Example: clinical genetics
Whole Genome Sequencing produced a ranked list of candidate variants using a standard prioritisation workflow. QuantBayes evaluated the independent evidence supporting each candidate using a binary evidence matrix derived from a published evidence standard.
For the leading candidate, the posterior evidence sufficiency \(\theta\) and its 95 percent credible interval were 0.731 (0.549 to 0.879), corresponding to the 99.88th percentile genome wide. These values describe evidence completeness, not pathogenicity.
| variant_id | k | m | theta mean | theta lower | theta upper | percentile |
|---|---|---|---|---|---|---|
| 7-117559592-CTT–_AR | 18 | 24 | 0.7308 | 0.5487 | 0.8793 | 99.875 |
| 6-72183475-CG-N_AR | 18 | 24 | 0.7308 | 0.5487 | 0.8793 | 99.875 |
| 1-14682421-G-A_AD | 17 | 24 | 0.6923 | 0.5061 | 0.8505 | 99.375 |
Figure 2. Global evidence sufficiency distribution with candidate overlay.
Method overview
QuantBayes models the number of supported evidence items (k) out of (m) using a Beta Binomial update:
\[\theta \mid k \sim \mathrm{Beta}(1 + k,\; 1 + m - k)\]The posterior mean, credible interval, and percentile provide a reproducible measure of evidence sufficiency. These values quantify completeness and verifiability of evidence and do not estimate disease causality.
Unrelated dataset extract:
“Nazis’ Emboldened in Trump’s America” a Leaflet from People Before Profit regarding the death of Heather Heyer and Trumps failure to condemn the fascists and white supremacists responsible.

Figure 3. QuantBayes applied to a standardised evidence model.
Citation
If you use QuantBayes please cite the software and the associated manuscript.
Manuscript
Quant Group, et al. A Bayesian model for quantifying genomic variant evidence sufficiency in Mendelian disease. medRxiv (2025). DOI: https://doi.org/10.64898/2025.12.02.25341503.
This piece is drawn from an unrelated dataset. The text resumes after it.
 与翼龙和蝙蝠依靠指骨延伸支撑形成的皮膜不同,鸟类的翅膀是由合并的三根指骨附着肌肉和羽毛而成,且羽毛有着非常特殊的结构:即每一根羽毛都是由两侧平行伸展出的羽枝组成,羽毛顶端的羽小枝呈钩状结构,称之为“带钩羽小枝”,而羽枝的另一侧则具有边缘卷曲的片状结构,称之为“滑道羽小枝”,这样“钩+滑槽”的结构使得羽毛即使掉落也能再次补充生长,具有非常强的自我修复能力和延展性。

@article{QuantBayes2025quantgroup,
author = {Quant Group and Saadat, Ali and Lawless, Dylan},
title = {A Bayesian model for quantifying genomic variant evidence sufficiency in Mendelian disease},
elocation-id = {2025.12.02.25341503},
year = {2025},
doi = {10.64898/2025.12.02.25341503},
publisher = {Cold Spring Harbor Laboratory Press},
url = {https://www.medrxiv.org/content/early/2025/12/13/2025.12.02.25341503},
eprint = {https://www.medrxiv.org/content/early/2025/12/13/2025.12.02.25341503.full.pdf},
journal = {medRxiv}
}
R package (CRAN)
Lawless D. quantbayes: Bayesian Quantification of Evidence Sufficiency. Comprehensive R Archive Network (2025). https://CRAN.R-project.org/package=quantbayes
@article{quantbayes_cran,
title = {quantbayes: Bayesian Quantification of Evidence Sufficiency},
author = {Lawless, Dylan},
year = {2025},
note = {R package version 0.1.0},
url = {https://CRAN.R-project.org/package=quantbayes},
doi = {10.32614/CRAN.package.quantbayes},
journal = {Comprehensive R Archive Network},
organization = {Comprehensive R Archive Network}
}
Software release (Zenodo)
Lawless D. Bayesian Quantification of Evidence Sufficiency quantbayes Implementation. Zenodo (2025). DOI: https://doi.org/10.5281/zenodo.17919369.
@article{lawless2025_zenodo_quantbayes,
author = {Lawless, Dylan},
title = {Bayesian Quantification of Evidence Sufficiency quantbayes Implementation},
month = dec,
year = {2025},
journal = {Zenodo},
publisher = {Zenodo},
doi = {10.5281/zenodo.17919369},
url = {https://doi.org/10.5281/zenodo.17919369}
}
Data repository
We provide the universal macOS binary runs natively on both Intel x86_64 and Apple silicon arm64 systems and the R package source code. Release artefacts and documentation are hosted on Zenodo.
Licence
QuantBayes is released under the MIT Licence. This permits inspection, reproduction, and integration into commercial, research, and clinical workflows without restriction.